We decided to adjust the goals and focus only on the optimization of matrix multiplication and its generalization. In the result, we optimize a class of statements (see [1] for further details), which also contains the matrix multiplication.

The result of evaluations of the corresponding code compiled with r279395 of Clang on the Intel Core i7-3820 SandyBridge, for different values of m, n, k and different compiler options can be found on the following link [2].

According to the figure [2], the algorithm for the computation of the optimal values of the parameters of matrix multiplication can be improved. One way is a new algorithm for the computation of the parameter Mc (see [1] for further details). If we, for example, manually equate the Mc to Nc we get the following results [3]. Its improvement is planned for the future.

The class also contains general matrix multiplication of the form C := αAB + βC, where C, A, and B are matrices of sizes m × n, m × k, and k × n, respectively. In case, for example, of m = n = 1056 and k = 1024, α = 32412, β = 2123, the corresponding code compiled with r278666 of Clang with following options

clang -O3 gemm.c -I utilities/ utilities/polybench.c -DPOLYBENCH_TIME -march=native -mllvm -polly -mllvm -polly-pattern-matching-based-opts=true -DPOLYBENCH_USE_SCALAR_LB -mllvm -polly-target-cache-level-associativity=8,8 -mllvm -polly-target-cache-level-sizes=32768,262144 -mllvm -polly-target-througput-vector-fma=1 -mllvm -polly-target-latency-vector-fma=8

takes about 0.30 on the Intel Core i7-3820 SandyBridge. In case the described optimization is disabled, it takes about 0.75 and 2.1 in case Polly is not used.

Furthermore, using the optimization we can optimize the following examples of code:

Loop 1 for i = 0, …, UpperBound1 - 1 in steps of 1
Loop 2   for j = 0, …, UpperBound2 - 1 in steps of 1
Loop 3     for k = 0, …, UpperBound3 - 1 in steps of 1
             C[i][j] +=  32412 Op1 B[k][j]
           endfor
         endfor
       endfor

Loop 1 for i = 0, …, UpperBound1 - 1 in steps of 1
Loop 2   for j = 0, …, UpperBound2 - 1 in steps of 1
Loop 3     for k = 0, …, UpperBound3 - 1 in steps of 1
             C[i][j] = C[i][j] Op1 A[i][k] Op2 B[k][j]
           endfor
         endfor
       endfor

where Opi is an operation from the set {+, -, /, *} (see [4], [5], [6], [7] for results of their evaluations).

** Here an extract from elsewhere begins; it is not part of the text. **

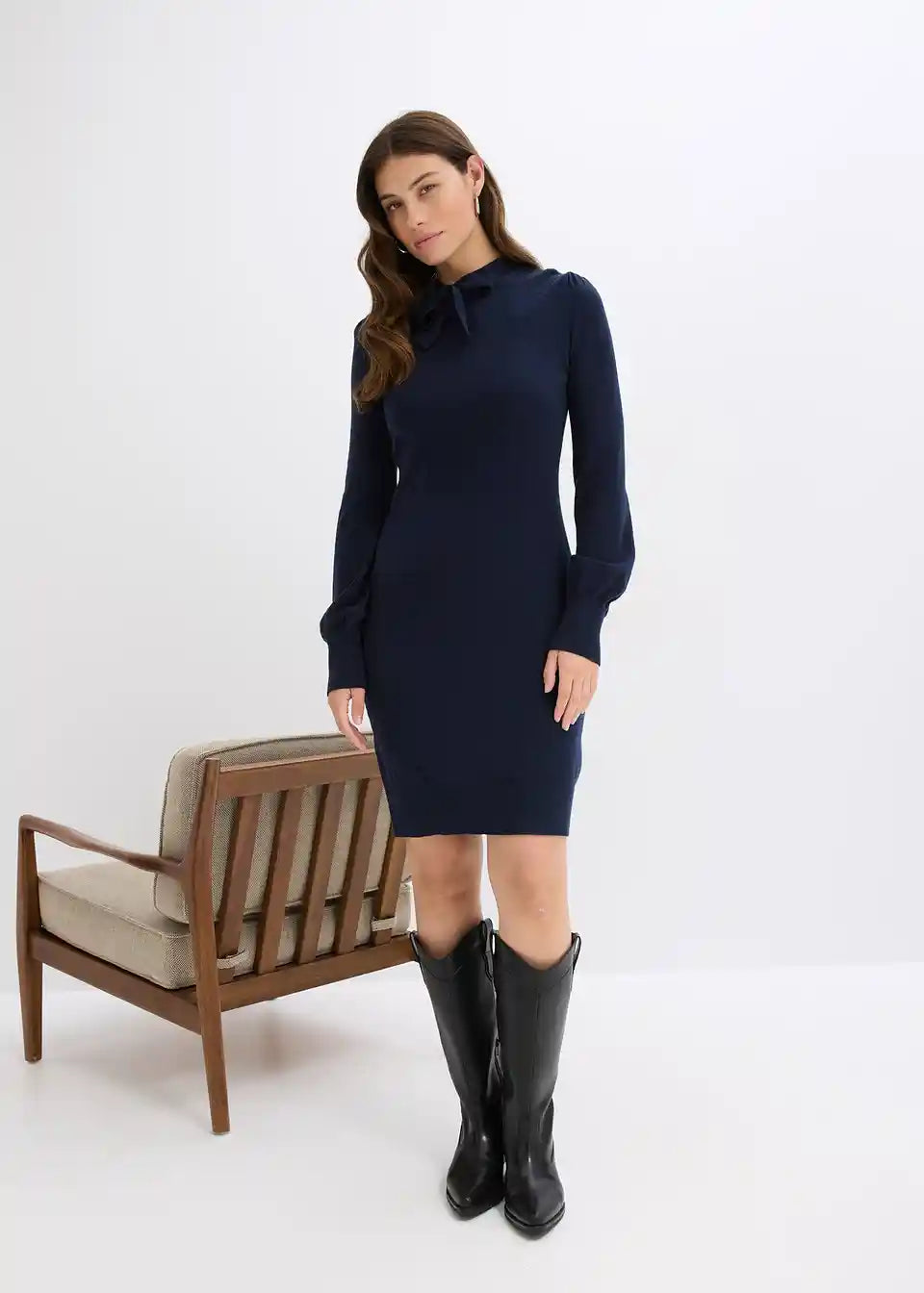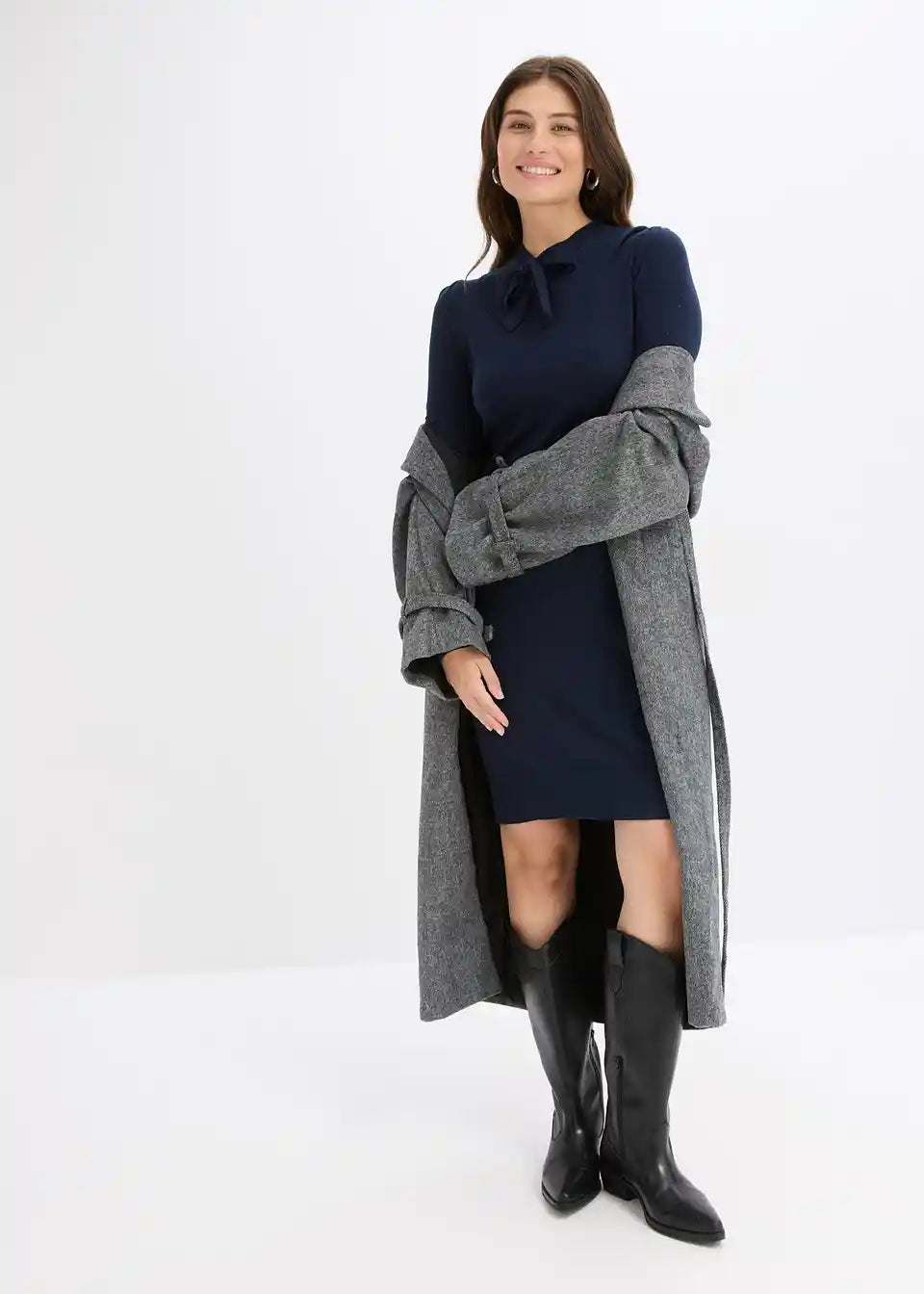 Elegantes Strickkleid mit Zierschal

The described optimization is implemented in [8], [9], [10], [11], [12], [13], [14] that are already committed and [15] that is under review. For further details about the project, what code got merged, what code did not get merged, and what is left to do, please see my blog posts [1], [16].

I am planning to continue working on the project as part of my Ph.D. thesis and implement the following:

1.  Prefetching of the certain cache lines

The BLIS implementation of matrix-matrix multiplication prefetches only the first cache line, before traversing a given interval of memory. This could confirm that the implementation relies on hardware preteching to prefetch the subsequent lines [17]. Consequently, there is a possibility that its utilization could improve the described optimization.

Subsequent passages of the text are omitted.